In mathare there is a new kid on the block. The world’s most fastest growing religion has not left Mathare slums out of the action. It’s the talk of the town and its one of its kind here in Mathare: I am talking about the newly opened masjid ul nur mosque in Mathare area 4B. The first day I heard the call to prayer from the new mosque, I, just like all Mathare residents was amused because Islam is very rare in this side of Nairobi. Islam is a religion in which the followers believe in the ideals taught by the prophet Muhammad and the teaching of the holy book The Quran. The 4B mosque was built by peasants who migrated from the North Eastern part of the country to their newfound home of Mathare in search of education, employment and a new life.

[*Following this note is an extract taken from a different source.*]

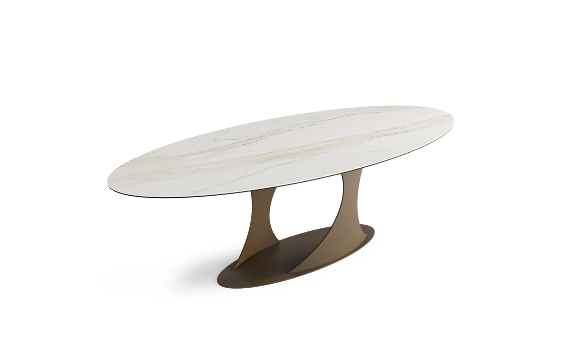 Изюминка стола Loop — изысканное подстолье с плавными линиями. Керамогранит обладает исключительной стойкостью к повреждениям, высоким температурам и влаге — ваш стол сохранит безупречный вид даже после многих лет активного использования.
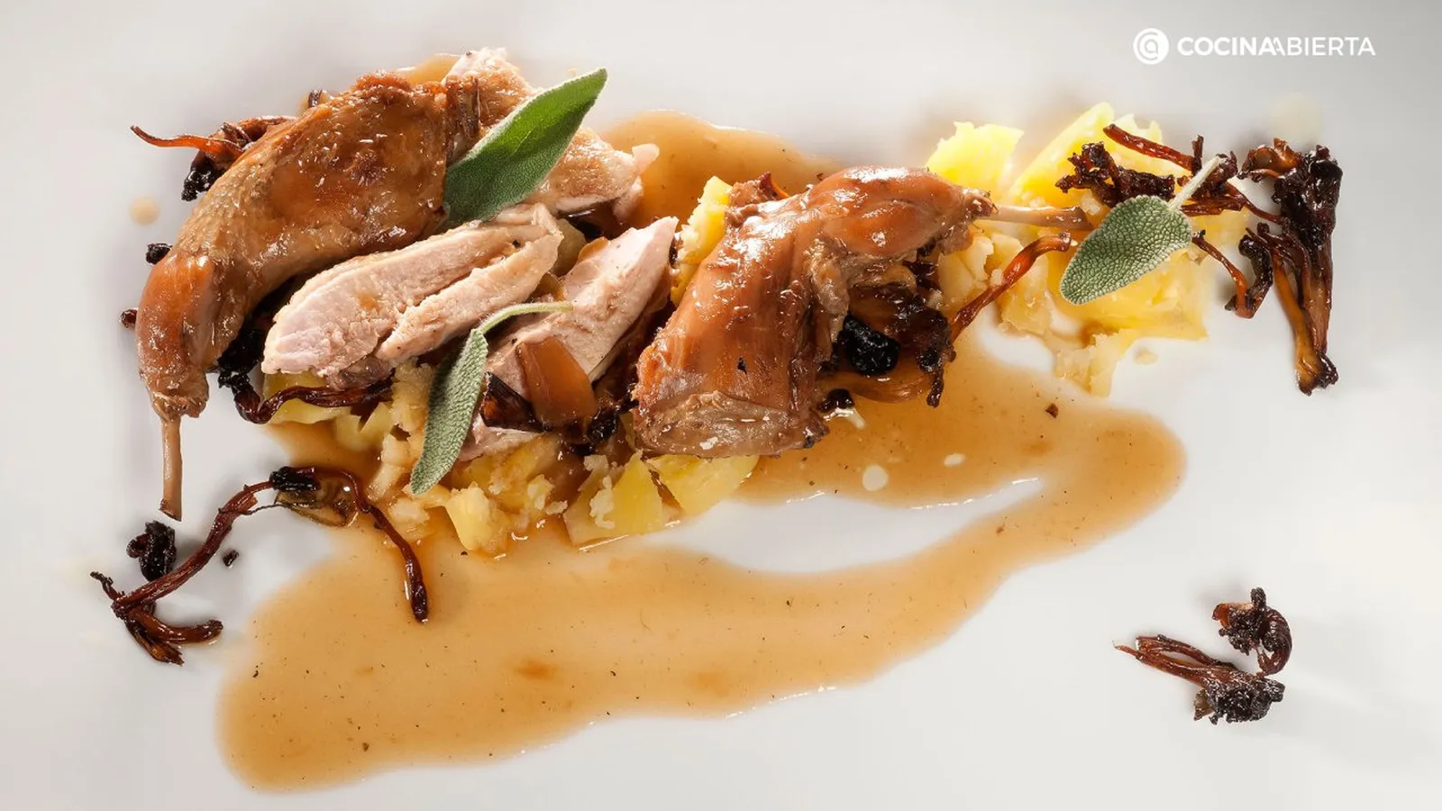 A la hora de servir, pela las patatas y aplástalas en el mismo plato. Adereza con un poco de mantequilla y salpimienta. Sirve las setas, las patas, las pechugas y por último, salsea. Decora con unas hojas de salvia.

Due to strict Islamic teachings Islam could not thrive in Mathare in the earlier years because of sanitation conditions and social restrictions set in the Islamic code of conduct. In the 80’s and 90’s when there was an increase of people moving into the slum, this was not in line with the planning of the city, people were crammed in to an small area without toilets and sanitation centers. That’s where the infamous technique of the `flying toilet’ was discovered. As the name suggests, it is the act of doing your business in paper bag and taking your best swing. This, together with the fact that changa is brewed and sold here, this is at loggerheads with a conservative Islam religion. In the long run, this would leave the poor Muslims as non-practicing-muslims, and they may sometimes lose their religion. The fact that Islam is a new religion in the slum is something that should teach us tolerance and not religious violence. It is also such a shame that religion has not been used as a tool to maintain the peace in Mathare because is a powerful element in a person’s life.